What you should do » Your output should be everything below from the line containing "참기름 0.73 % |" down to the line containing "Standard reference values", both ends included, copied exactly, with pictures left out.

Excerpted records »

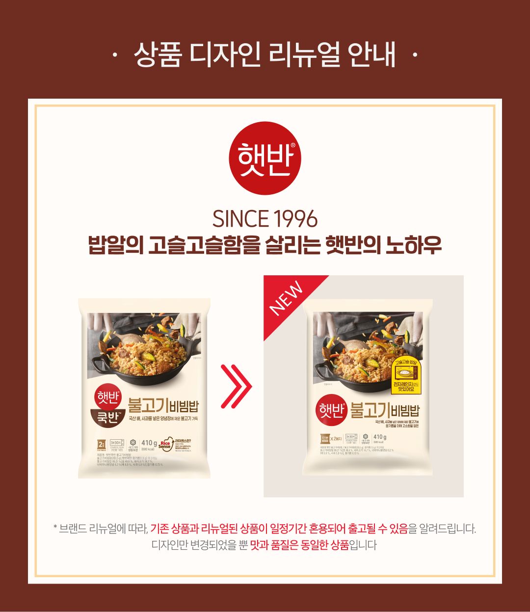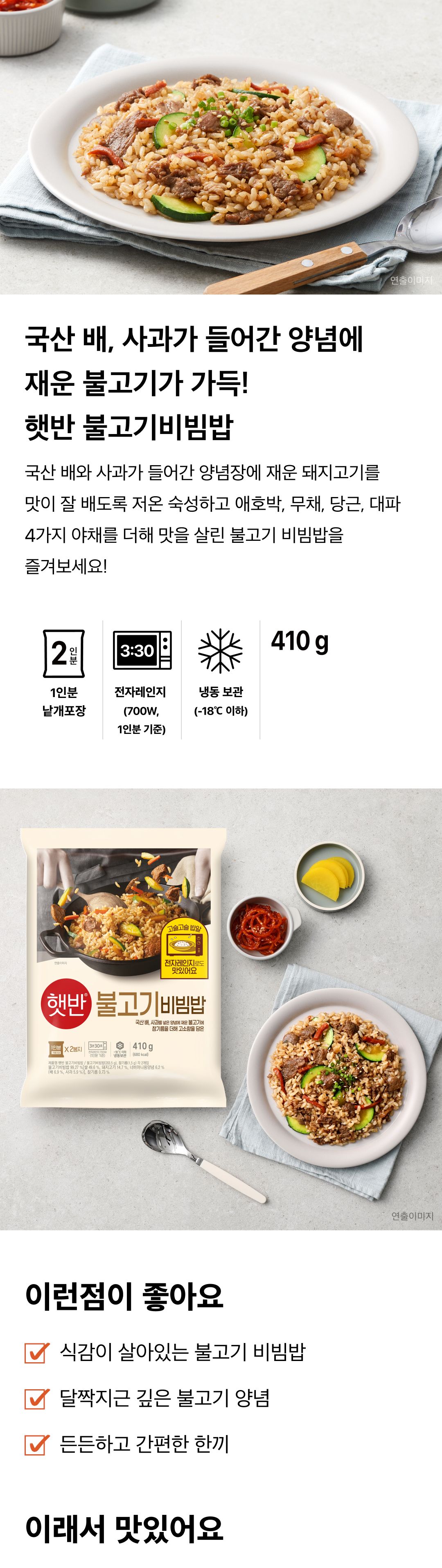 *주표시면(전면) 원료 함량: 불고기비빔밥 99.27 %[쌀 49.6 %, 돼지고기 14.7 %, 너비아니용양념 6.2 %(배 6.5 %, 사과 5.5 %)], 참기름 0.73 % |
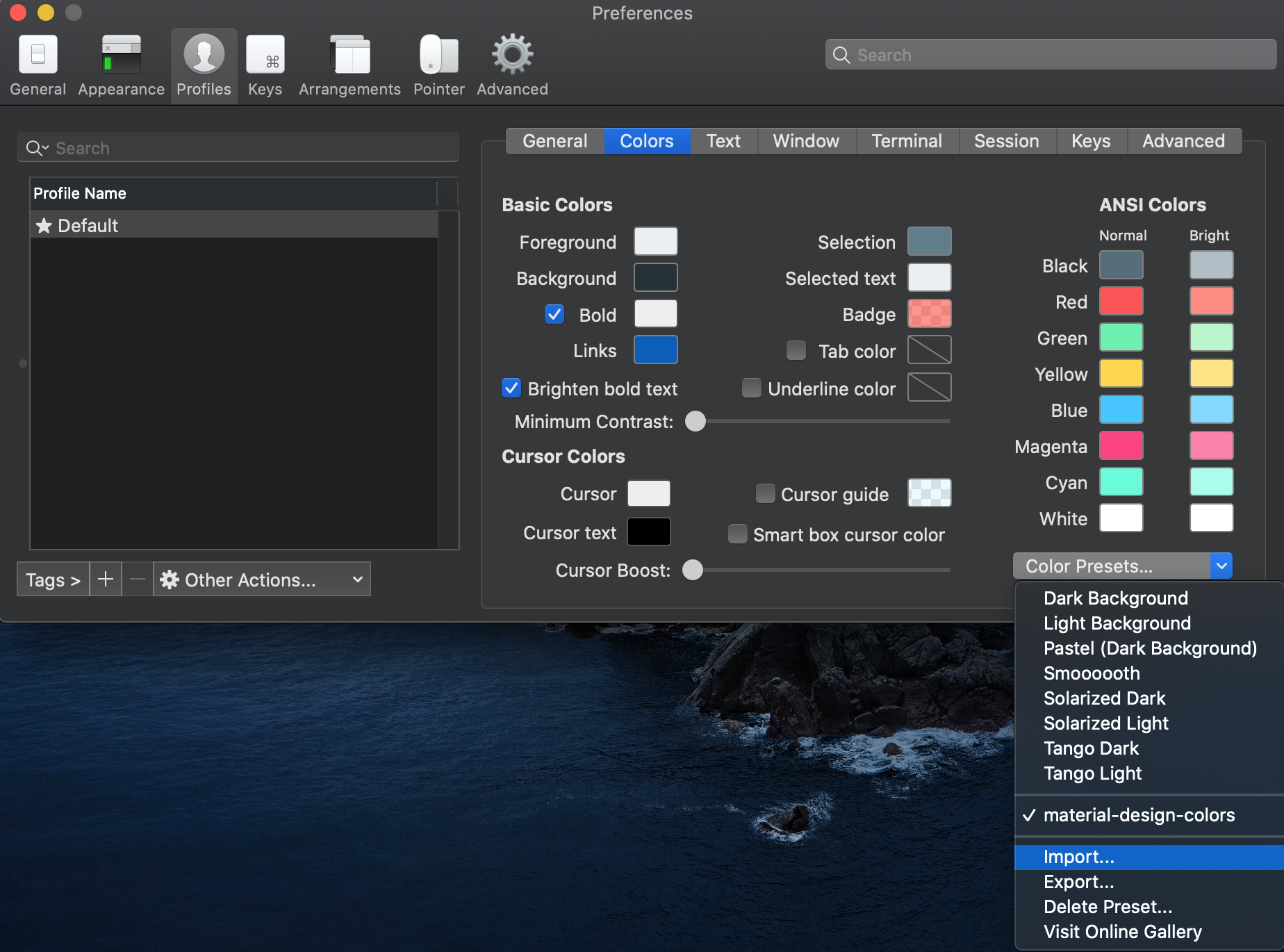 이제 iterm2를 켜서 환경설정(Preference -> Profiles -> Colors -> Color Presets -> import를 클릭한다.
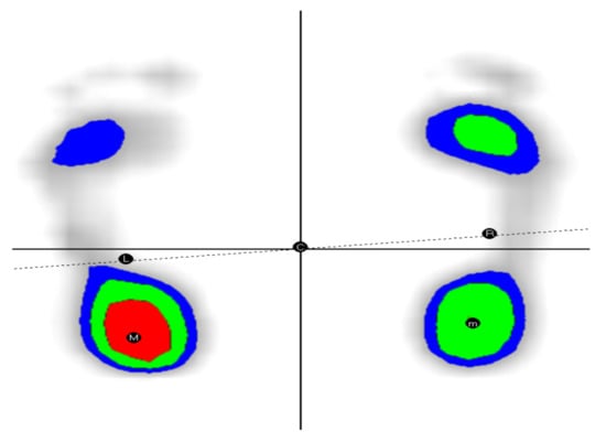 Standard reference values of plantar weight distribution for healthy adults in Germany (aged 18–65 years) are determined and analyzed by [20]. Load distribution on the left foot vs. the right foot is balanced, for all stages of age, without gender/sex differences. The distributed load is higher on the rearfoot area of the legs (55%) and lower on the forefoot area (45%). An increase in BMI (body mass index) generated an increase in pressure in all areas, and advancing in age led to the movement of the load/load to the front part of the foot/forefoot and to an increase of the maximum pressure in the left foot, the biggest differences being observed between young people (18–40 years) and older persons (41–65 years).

--

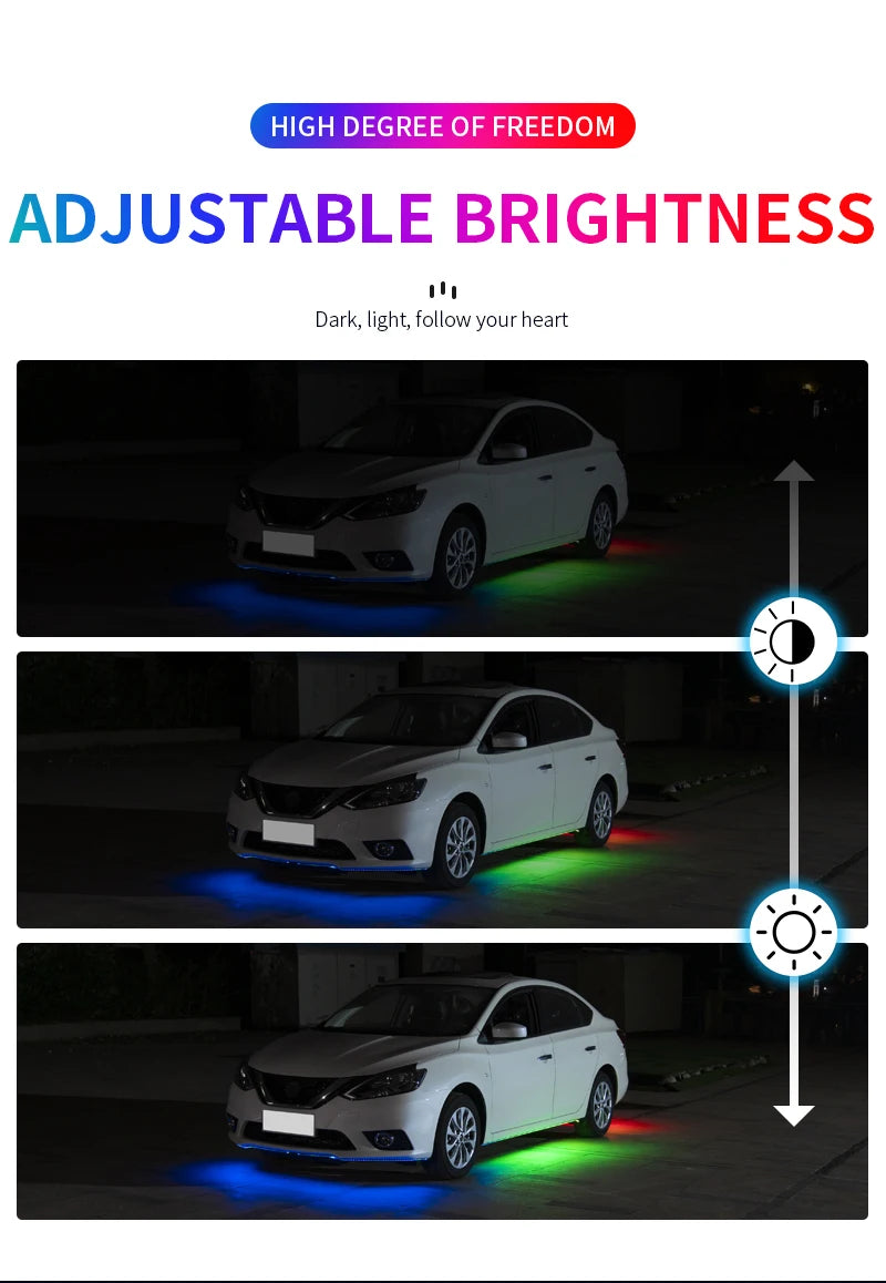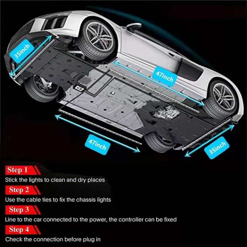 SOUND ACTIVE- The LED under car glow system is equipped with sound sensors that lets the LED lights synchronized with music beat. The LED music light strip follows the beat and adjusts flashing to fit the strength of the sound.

Task solution »
 *주표시면(전면) 원료 함량: 불고기비빔밥 99.27 %[쌀 49.6 %, 돼지고기 14.7 %, 너비아니용양념 6.2 %(배 6.5 %, 사과 5.5 %)], 참기름 0.73 % |
 이제 iterm2를 켜서 환경설정(Preference -> Profiles -> Colors -> Color Presets -> import를 클릭한다.
 Standard reference values of plantar weight distribution for healthy adults in Germany (aged 18–65 years) are determined and analyzed by [20]. Load distribution on the left foot vs. the right foot is balanced, for all stages of age, without gender/sex differences. The distributed load is higher on the rearfoot area of the legs (55%) and lower on the forefoot area (45%). An increase in BMI (body mass index) generated an increase in pressure in all areas, and advancing in age led to the movement of the load/load to the front part of the foot/forefoot and to an increase of the maximum pressure in the left foot, the biggest differences being observed between young people (18–40 years) and older persons (41–65 years).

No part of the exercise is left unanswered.